MOUTHGUARD

Audible Descriptions by Carlie Norma Germs

Submarine by Tim Gates

The stage lighting fills Victoria Hall with a warm glow, making cozy the cool autumn light streaming in from the high windows. There is a faint haze of machine fog.

Ira Hadžić begins her performance with a set of drums. The drums and then the drone of the gong fills the entire space like water in a big fish bowl. The floor sitting listeners wilt beneath the weight of the sounds, with the exception of a central figure; upright, swaying with the tone as it oscillates gently

Ira’s mallet skates around the surface of the large brass gong. The longer I watch and listen I begin to feel I can connect her movement with the gradually changing tone of the sound, hearing more variation in the drone of the gong. I am new to the music of the gong. When I saw the gong on the stage, I was not expecting it to sound like this or to be played in this way. Ira is drawing and redrawing figure eights over the gong, gradually moving around its surface. The mallet seems stubborn, as if the gong is covered in cold honey, resisting the movement. Ira’s drawings echo the shapes and lines splattered around the room by visual artist Jess Tan. I wonder to myself what other shapes sound like? I am vaguely aware of gongs being an ancient type of instrument popular around eastern Asia for a pretty long time - is this how it has always been played? (2 weeks later and I still have more questions than answers about the music of gongs.)

Ira Hadzic by Danyon Saxon

Next is hear her breathe, a contemporary dance performance by alicec, who is dancing in silence with the company of a piece of brown paper slightly larger than alicec herself. There is an extremely serious atmosphere in the room - everyone appears to be paying her their fullest, most respectful attention. Alicec’s abstract movement is strange and novel without music to compliment or justify it. Watching feels indulgent: not like eating a whole Viennetta with a teaspoon; more like going to the beach when you need to do some household chores.

Watching her collect the paper between her feet, scrunching it, then getting onto the ground with the paper, rolling it, smoothing it as if she is packing up a sleeping bag after a restless night’s sleep on the hard ground… I have an intrusive thought – it doesn’t really matter what you're doing; everything feels like a comment on housing or inequity. Renting is great, until you’ve moved house 3 times in 4 years. You can forget for a time that the place you lay your head is temporary, but that uncertainty follows you around.

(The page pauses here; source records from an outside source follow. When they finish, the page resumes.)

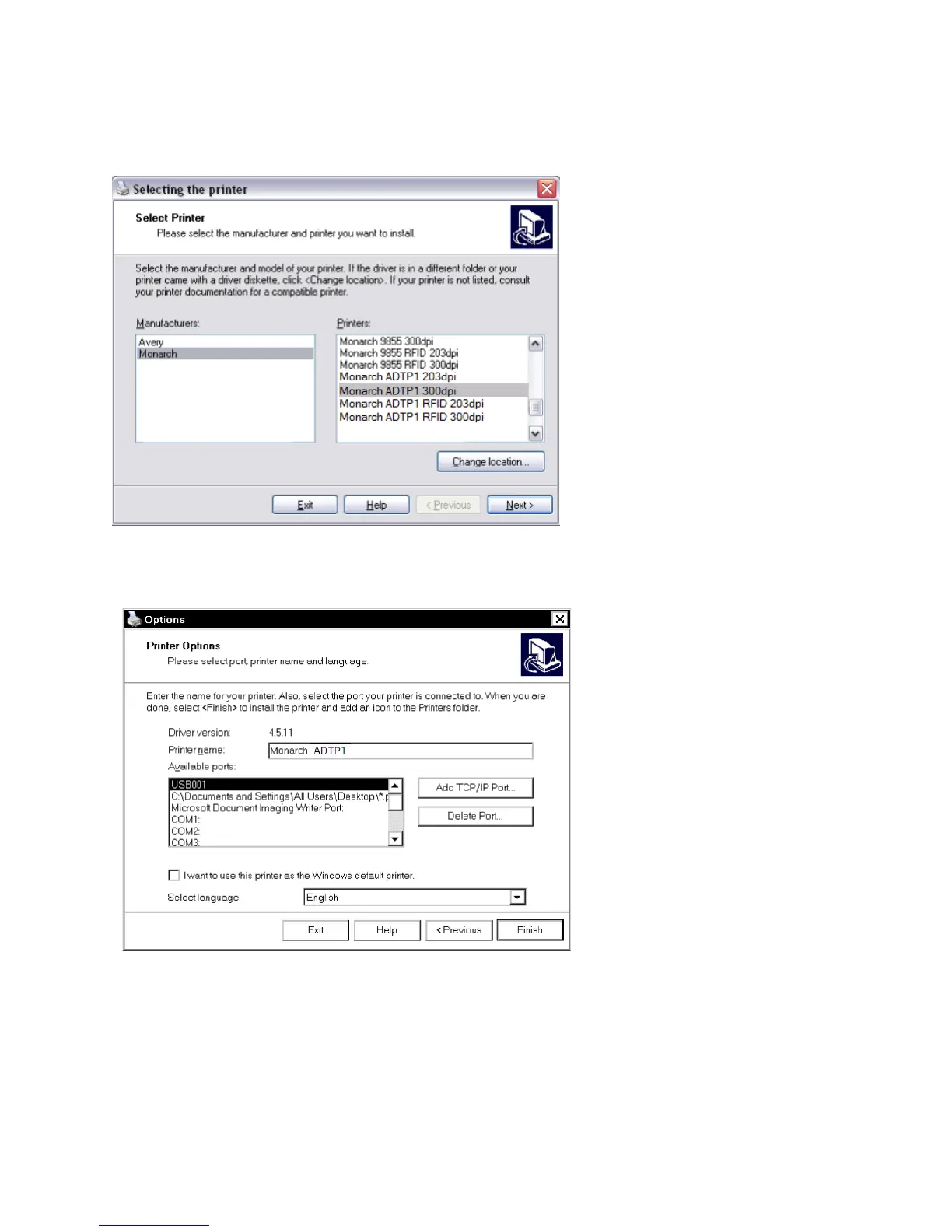 8. Select Monarch ADTP1 (203dpi or 300dpi based on your printhead) as the Printer.
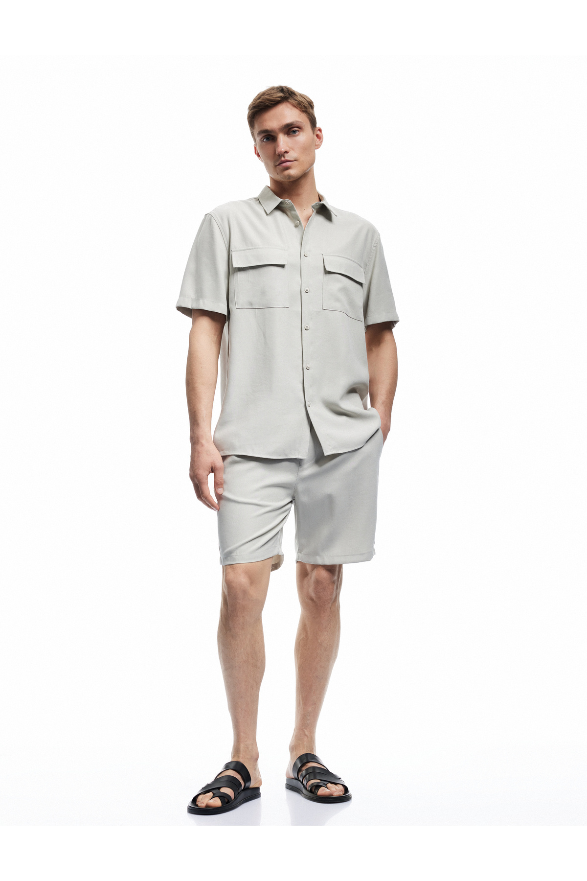 Bermuda Şort Chino Beli Bağcıklı Cep Detaylı Rayon Kumaş Bermuda Şort Chino Beli Bağcıklı Cep Detaylı Rayon Kumaş 4SAM40068HW 48
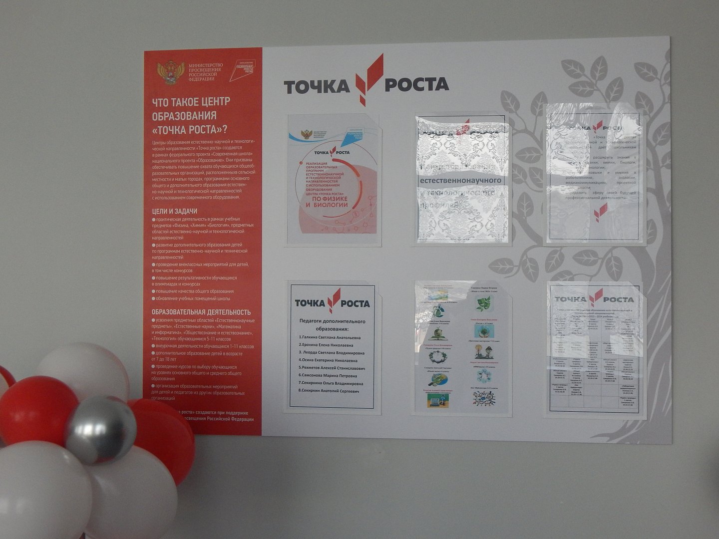 В «Точке роста» будут работать 8 педагогов. Все они прошли обучение по программам дополнительного образования. Начинают свою работу 11 объединений, рассчитанных на школьников разного возраста. Руководителем Центра назначена С.А. Галкина. В своем выступлении Светлана Анатольевна назвала «Точку роста» площадкой для творчества, изобретательства и сотрудничества. Основной ее целью является совершенствование условий для повышения качества образования, расширений возможностей обучающихся школы в освоении учебных предметов, программ дополнительного образования, курсов внеурочной деятельности.
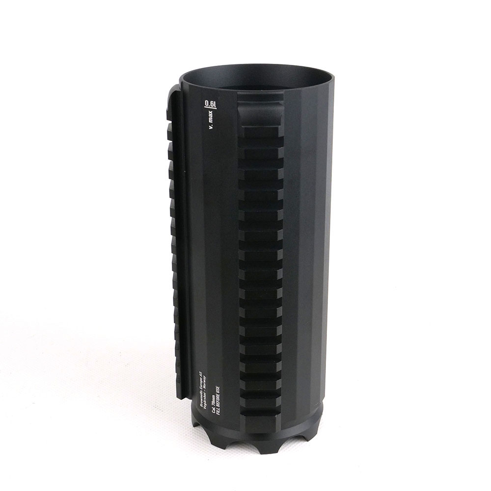Der Griff? Er ist inspiriert vom AR-15 Tragegriff und gibt dir die Kraft, dein Getränk wie nie zuvor zu „halten“. Warnung: Es kann Gefühle der Unbesiegbarkeit hervorrufen und den Drang, jedes Mal „Nachladen!“ zu rufen, wenn du ein weiteres Getränk einschenkst.
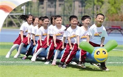 ■青岛育新小学的孩子参加学校趣味运动会。

Alice begins cocooning herself in the crinkling folds of the brown paper. I notice the person in front of me is wearing pristine Balenciaga shoes and an ACNE studio hoodie. I am trying to imagine if the person walking around in a $3000 outfit is living differently to me while alicec is trying to roll over in the paper without using her hands. Alicec’s performance is over before I can return my attention back to her. I feel a bit embarrassed that I recognise those clothing brands, and a little bit guilty for passing judgement on a person for the cost of their clothing. Perhaps that person is actually homeless and they were gifted these items by a very wealthy person who was struck by their vulnerable presence out on Walyalup Kort. Maybe that wealthy person has divested themself of all their riches and is now learning to play the gong in a monastery somewhere.

Rory and Lia by Danyon Saxon

The final performance of the afternoon is by Lia T and R Glacken, benefactors of AE’s seed fund. They bring a spaghetti mess of computers and synthesizers onto the stage. When they begin playing I am immediately rehydrated - the absence of music during the dance performance had left me feeling dried out. Discussing Lia and R’s music is much more complicated than anything else I have written here – digital music production excludes my curious scrutiny, and I am left to my imagination:

There is a thick liquid rhythm filling the bottom of an old submarine. It recedes and returns like an ephemeral pond in a timelapse – rising up quickly from nowhere, dropping off a little, then decaying down into nothing. Its dramatic geometric movements are controlled in the base of the vessel. I can hear a complex network of pressurised airpipes of various sizes above me filled with high pressure gas. The valves have a complex and evolving schedule for releasing the excess gas. Controlled and strictly regulated emissions hiss out in what I assume is an important pattern for sustaining the submarine’s healthy operation. Above the pipes there is an old computerised navigation system slowly booting up and its smooth bleeps are reverberating around the top of the vessel. The saturating rhythm is evolving quickly as the periscope ascends to the ocean’s surface. The navigational alerts become effervescent as the periscope signal registers ~ the coast is clear. We surface. the light of the setting sun sparkles on the surface of the sea.

Drawings by Tim Gates (top) and Danyon Saxon (middle and last).